Low temperature magnetic circular dichroism (MCD) spectroscopy follows C-term selection rules and specifically probes the paramagnetic T2 Cu(II) site over the antiferromagnetically coupled, diamagnetic T3 Cu(II) site. The MCD spectra of T1D, T1DT3αQ, and T1DT3βQ are shown in Figure 5 (Gaussian fit parameters are summarized in Table 4). Bands 1–4 are the four LF transitions of the T2 Cu site44 and are at similar energies in T1D and the variants, indicating that the T2 Cu geometry has not changed significantly. Band 3 shifts slightly down in energy in both variants, reflecting the similar H-bonds between the mutated residues and the T2 ligands. The larger change in shape of the LF region of the MCD spectrum of T1DT3βQ, relative to that of T1DT3αQ, can be accounted for by the shift up in energy of bands 1 and 2, and, as mentioned above, is likely a result of the perturbation of the H-bond network from the T3β Cu to the T2 Cu through D94.30

Figure 5.

Figure 5

MCD Spectra of T1D (A), T1DT3αQ (B), and T1DT3βQ (C) obtained at 5 K and 7T. Individual Gaussian fit bands are shown in dotted black lines and energies are provided in Table 4.

Table 4.

Gaussian fit energies for MCD spectra.

transitiona T1D energy (cm−1) T1DT3αQ energy (cm−1) T1DT3βQ energy (cm−1)
1-xy (+) 9800 (+) 9770 (+) 10160
2-z2 (−) 10540 (−) 10400 (−) 11063
3-xz (+) 11700 (+) 11210 (+) 11296
4-yz (−) 13940 (−) 13890 (−) 13837
5-His π (−) 16700 (−) 16440 (−) 16200
6-OH π (−) 20140 (−) 20100 (−) 19940
7-His π (−) 24800 (−) 24870 (−) 24270
8-His π (+) 28270 (+) 28620 (+) 28400
9-His π (+) 30800 (+) 30910 (+) 31000
a

Assigned from reference 30.

Bands 5, and 7–9 in the MCD spectrum are His π to T2 Cu(II) CT transitions and band 6 is a hydroxide π to T2 Cu(II) CT transition.44 These bands are found at similar energy in T1DT3αQ relative to T1D. The most obvious difference is a decrease in intensity around 31,000 cm−1. Considering the change in g-values, observed in EPR, changes in the MCD spectrum are not surprising.
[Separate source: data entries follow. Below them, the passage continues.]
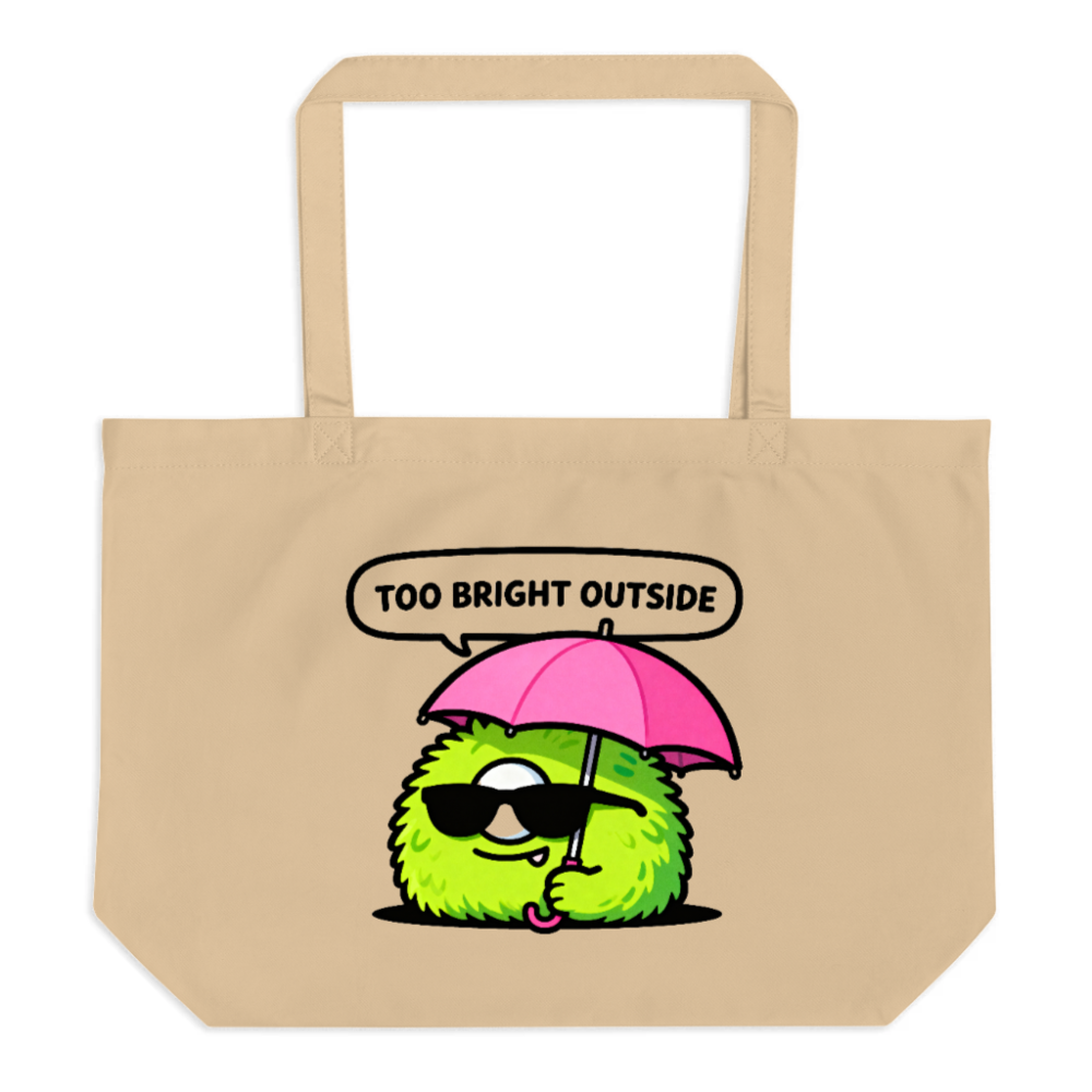 Eco-friendly large organic tote bag featuring a playful green monster holding a pink umbrella and sunglasses, saying ‘Too Bright Outside’. Made from certified organic cotton (verified by GOTS), this stylish, sustainable bag combines fun design with responsible sourcing. Ideal for shopping, travel, or everyday use — durable, reusable, and planet-friendly.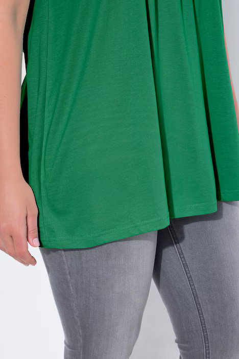 The front inverted pleats add shape without bulk. Because these pleats create extra space through the midsection, the fabric glides over curves instead of clinging. As a result, the top feels airy and forgiving while still looking tidy and put together. Although the fit feels relaxed, it never looks oversized or shapeless.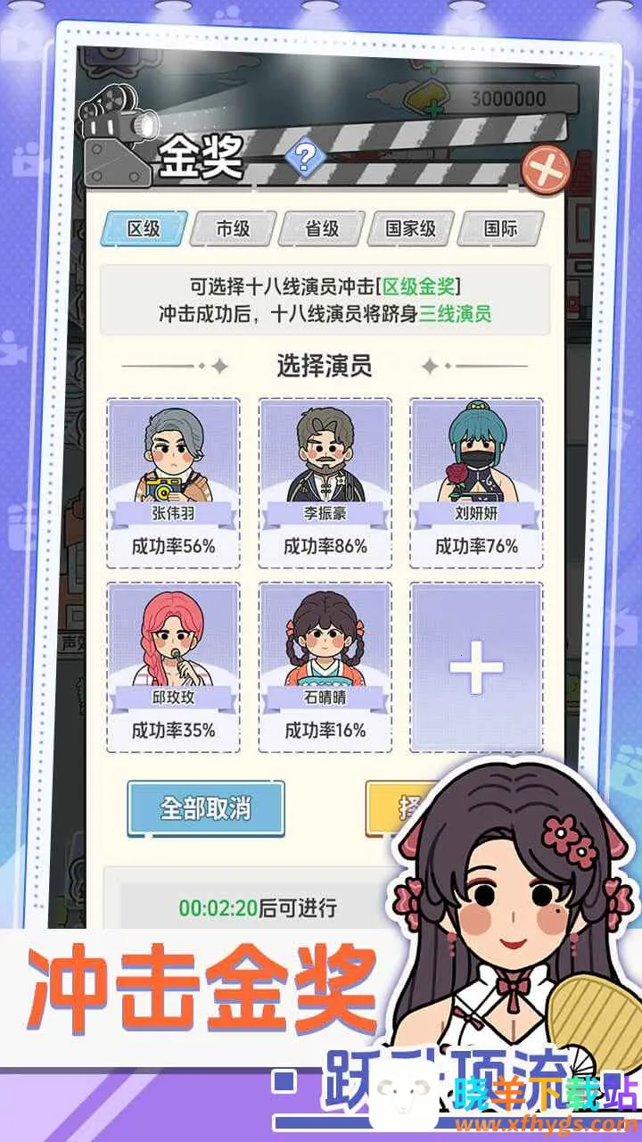 2、演员个性养成系统,每位演员有独特性格天赋,通过多维度培训提升能力,还得维护好感度。

The CT region of the MCD spectrum of T1DT3βQ exhibits larger differences relative to T1D. The CT transitions shift in energy by a small amount but show a fairly large redistribution of intensity, with band 5 increasing and bands 6–9 decreasing. (The peak of band 9 appears below zero, likely due to overlap of a negative transition in that region, the maximum of which lies in the region obscured by the interference of the 280 nm protein transition.) These changes in CT intensity indicate that the interaction of the T2 Cu with its ligands has been perturbed in T1DT3βQ more so than in T1DT3αQ. This correlates with its greater decrease in site covalency observed in EPR and the connectivity of the T3β to the T2 Cu through residue D94.
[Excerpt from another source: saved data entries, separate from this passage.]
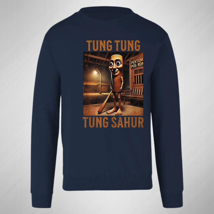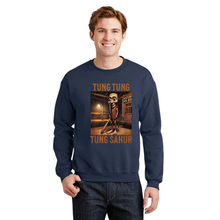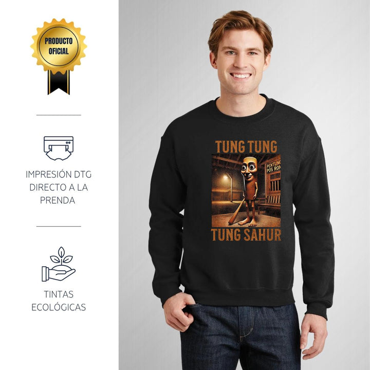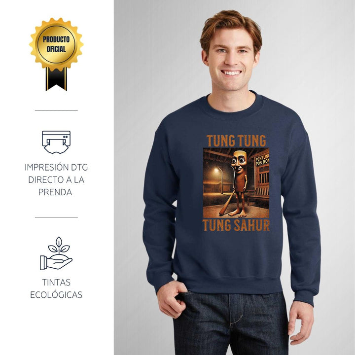 Sudadera de adulto cuello redondo sin gorro o capucha, para hombre nueva, diseño Brainrot Tung Tung Tung Sahur original impreso con tecnología DTG (directo a la prenda) tacto cero, uso casual o deportiva, 50% algodón y 50% poliéster, estructura sin costura en los costados con ajuste clásico. Colores de sudadera: Negro, Blanco, Azul Marino, Gris.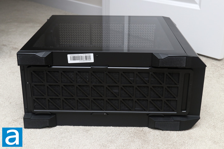 On the bottom, the Antec Performance 1 FT looks as you might expect. Each corner has a large foot with rubber padding underneath to prevent vibrations between the case and the surface it sits on. It also keeps the case from sliding on hard and smooth surfaces. Together, the four feet raise the Performance 1 FT above the surface by 2.2cm, which should allow air to flow in and out. This is important as the bottom area is also where ventilation exists for intake to the power supply. As you can see, the middle area holds a large mesh filter that is held on a plastic frame. It can be removed from the front for cleaning, which is the ideal place of removal. A label with the serial number can be found on one side. Otherwise, there is not too much else to see here, so let us move on.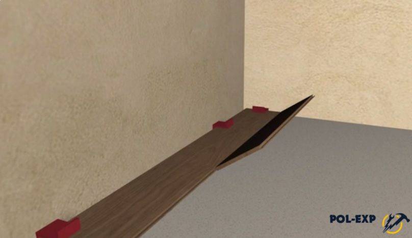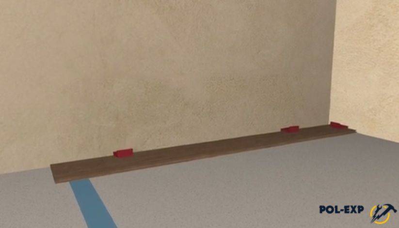 Шаг 10. После окончания работ клинья у стен вынимаются, а зазоры закрываются плинтусами.
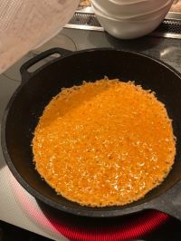 サファリから投稿写真のるかな? フライパンにチーズパラパラして中火で加熱。 プツプツと穴があきはじめた状態のチーズ。 油が出てきたらほぼほぼ完成。 キッチンペーパーに乗せて油切りして冷ませば完成。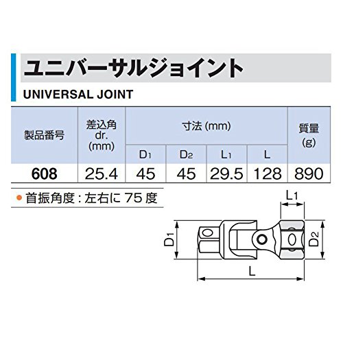 トネ(TONE) ユニバーサルジョイント 608 差込角25.4mm(1")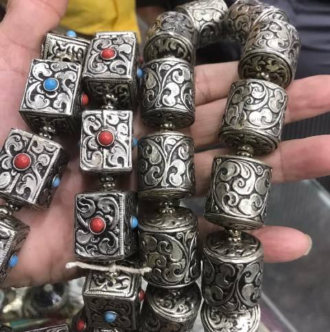 ลูกปัดเครื่องประดับโลหะทิเบตสีขาว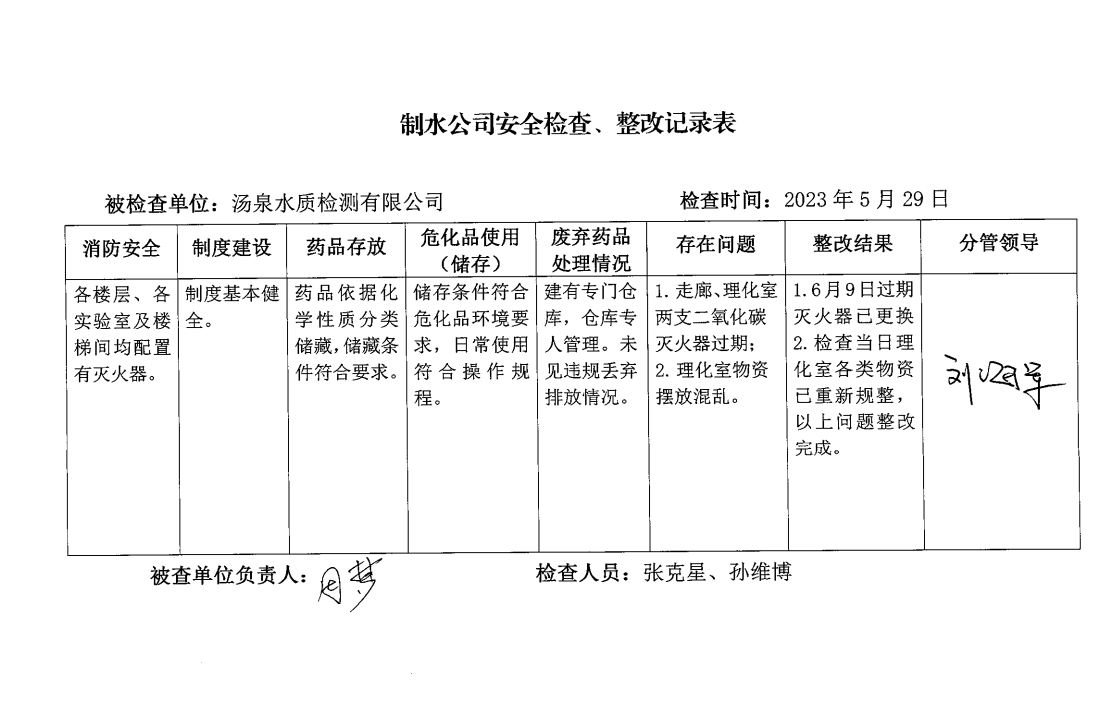 汤泉水质检测中心2023年5月安全生产检查记录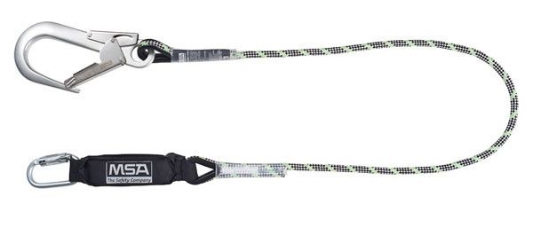 The MSA lanyards are available in web and kernmantel rope configurations with a variety of connectors. Energy-absorbing lanyards provide a means of connection between the fall arrest attachment of MSA full body harnesses and a qualified anchorage point. The energy absorber keeps fall arrest forces below 6 kN.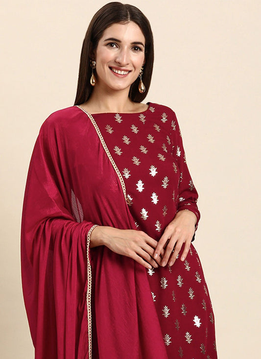 Salwar Suit Rayon Wine Foil Print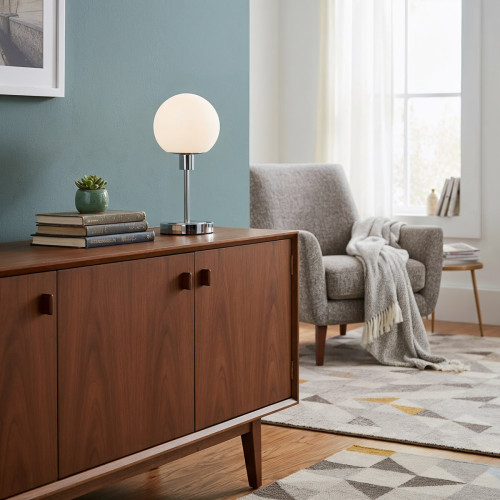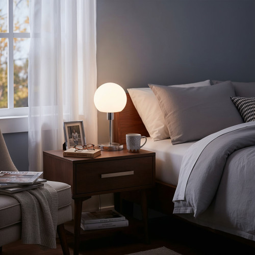 Класическа светодиодна настолна лампа от серията Cave, изработена от цвят хром метална основа и опал стъклена чашка в сферична форма с вграден 4.8W, 3000K LED. Стилно допълнение за интериорното осветление на вашия хол, трапезария, спалня, хотел и заведение.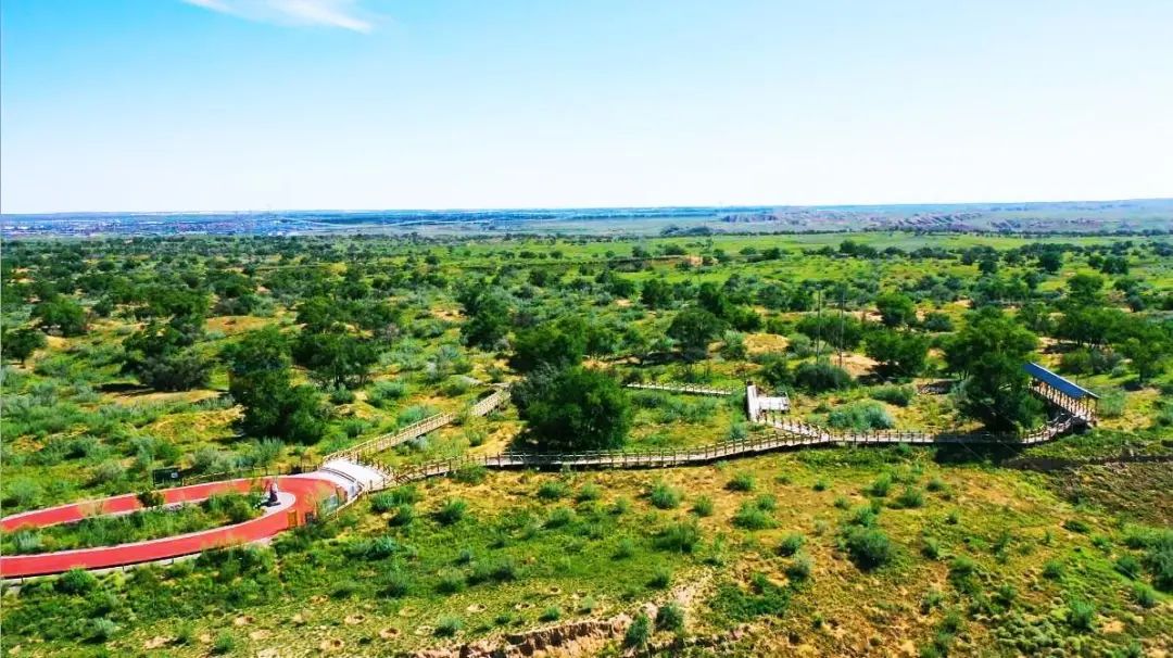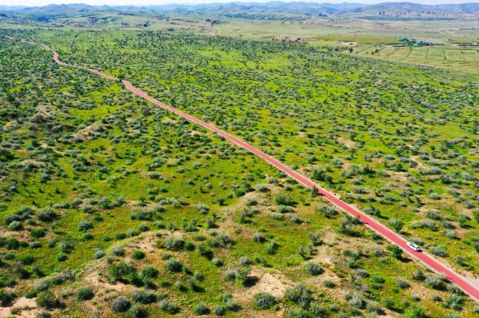 秋风送爽,被雨水浸润的八步沙林场生机盎然,平坦宽敞的环林路如同红色的绸带飘向远方。移步远眺,花棒随风摇曳,梭梭、红柳、沙拐枣、香茅草依偎在环林路两旁,守护着绿色希望。当年风沙肆虐的荒芜之地,如今草木繁茂,郁郁葱葱。

Finally, the oxidized trinuclear cluster of the MCO's exhibits high affinity (K ~ 40,000 M−1)45 binding of fluoride; ~105-fold greater than the binding constant for fluoride to aqueous Cu(II).46 This is unique among Cu sites in inorganic chemistry and has been explained by the ability of the negatively charged fluoride ion to help neutralize the high positive charge at the resting oxidized trinuclear cluster.44 This binding is best probed by EPR. Upon addition of a stoichiometric amount of sodium fluoride a large fluoride superhyperfine splitting (A∥F) is observed in the g region of the T2 Cu signal, as shown in Figure 6. The EPR spectra of T1DT3αQ and T1DT3βQ after addition of one mole equivalent of sodium fluoride are also shown in Figure 6. Both variants exhibit superhyperfine splittings similar to those of T1D, indicating that fluoride has bound with high affinity and confirming that both variants have valid, fully oxidized trinuclear cluster sites.

Figure 6.

Figure 6

X-band EPR spectra exhibiting high affinity binding of fluoride to the trinuclear cluster of T1D (red), T1DT3αQ (blue), and T1DT3βQ (green) obtained at 77 K.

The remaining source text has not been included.